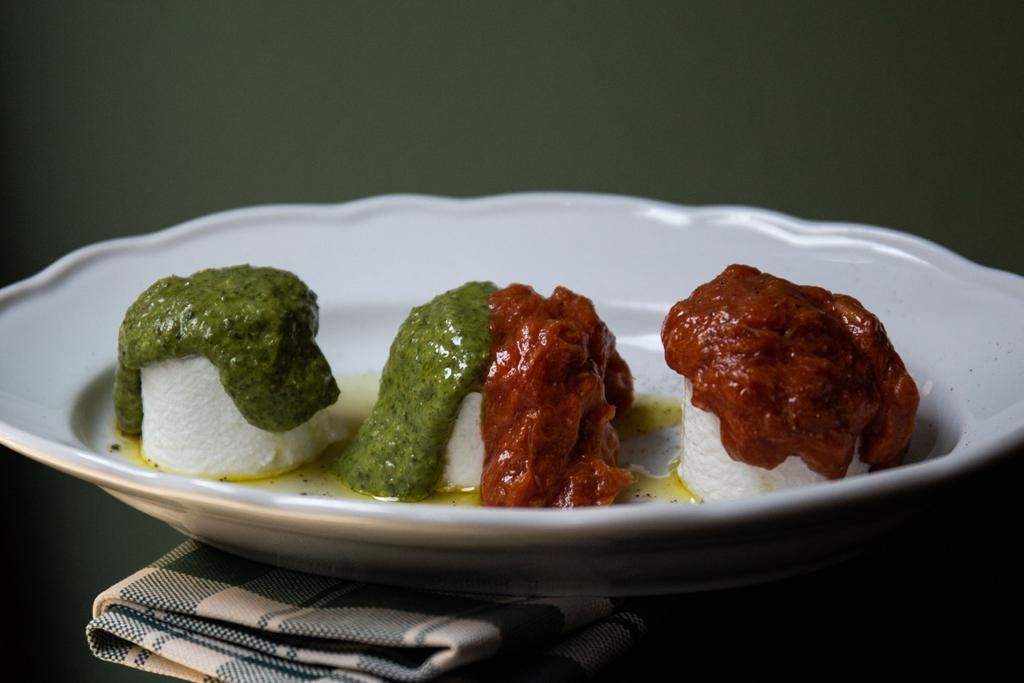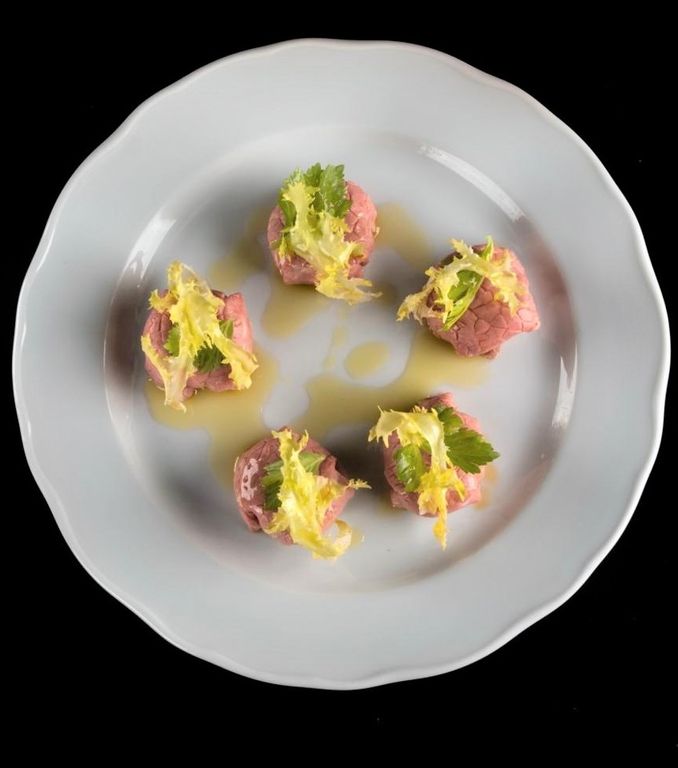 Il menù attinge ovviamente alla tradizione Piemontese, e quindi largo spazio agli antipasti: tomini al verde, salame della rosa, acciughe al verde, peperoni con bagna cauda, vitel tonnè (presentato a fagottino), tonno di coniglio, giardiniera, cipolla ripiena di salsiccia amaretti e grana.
* * *
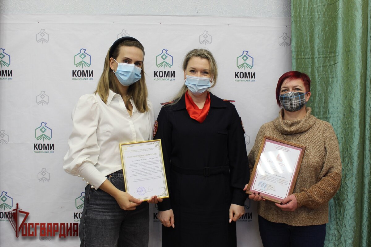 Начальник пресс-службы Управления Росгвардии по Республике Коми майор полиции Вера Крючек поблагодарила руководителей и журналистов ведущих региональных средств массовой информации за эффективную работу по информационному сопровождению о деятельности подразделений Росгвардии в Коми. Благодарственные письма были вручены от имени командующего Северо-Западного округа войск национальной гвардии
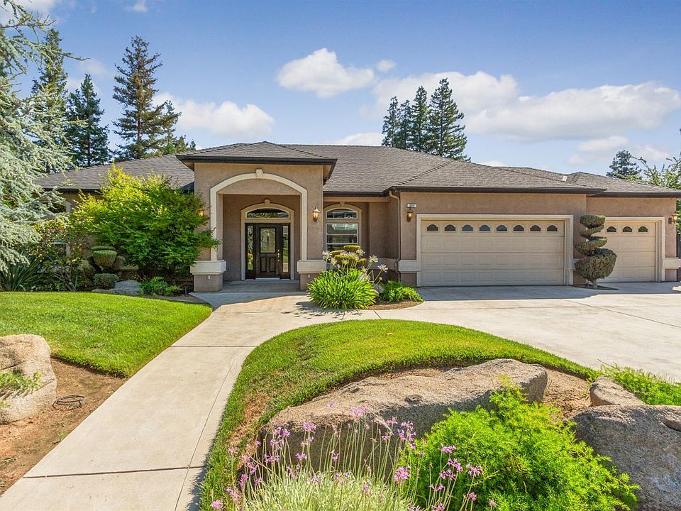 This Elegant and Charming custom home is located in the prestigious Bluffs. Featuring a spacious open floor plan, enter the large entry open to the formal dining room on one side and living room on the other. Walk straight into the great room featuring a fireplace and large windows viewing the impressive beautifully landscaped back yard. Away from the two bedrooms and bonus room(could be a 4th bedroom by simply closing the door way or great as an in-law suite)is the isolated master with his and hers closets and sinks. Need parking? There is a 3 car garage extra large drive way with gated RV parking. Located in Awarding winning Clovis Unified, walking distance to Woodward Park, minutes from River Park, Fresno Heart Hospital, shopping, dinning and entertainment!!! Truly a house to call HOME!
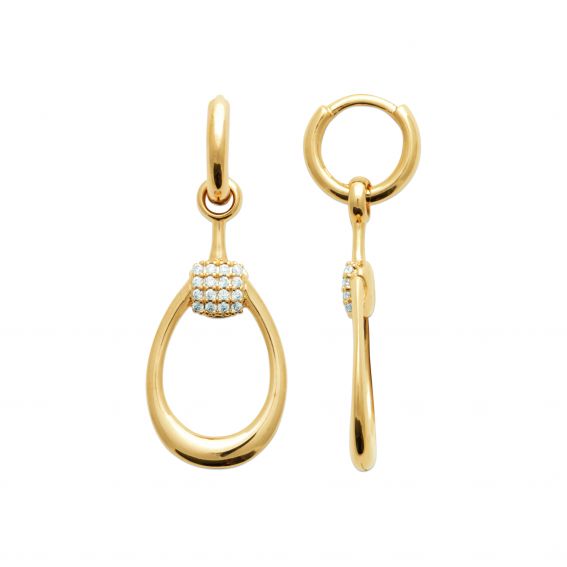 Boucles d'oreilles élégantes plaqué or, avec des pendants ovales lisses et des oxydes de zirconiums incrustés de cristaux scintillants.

**Task to carry out**
Only one part of the material above is wanted: the lines from the one with "Начальник пресс-службы Управления" up to and including the one with "Boucles d'oreilles élégantes". Please copy them exactly, pictures left out.

**Exercise answer**
 Начальник пресс-службы Управления Росгвардии по Республике Коми майор полиции Вера Крючек поблагодарила руководителей и журналистов ведущих региональных средств массовой информации за эффективную работу по информационному сопровождению о деятельности подразделений Росгвардии в Коми. Благодарственные письма были вручены от имени командующего Северо-Западного округа войск национальной гвардии
 This Elegant and Charming custom home is located in the prestigious Bluffs. Featuring a spacious open floor plan, enter the large entry open to the formal dining room on one side and living room on the other. Walk straight into the great room featuring a fireplace and large windows viewing the impressive beautifully landscaped back yard. Away from the two bedrooms and bonus room(could be a 4th bedroom by simply closing the door way or great as an in-law suite)is the isolated master with his and hers closets and sinks. Need parking? There is a 3 car garage extra large drive way with gated RV parking. Located in Awarding winning Clovis Unified, walking distance to Woodward Park, minutes from River Park, Fresno Heart Hospital, shopping, dinning and entertainment!!! Truly a house to call HOME!
 Boucles d'oreilles élégantes plaqué or, avec des pendants ovales lisses et des oxydes de zirconiums incrustés de cristaux scintillants.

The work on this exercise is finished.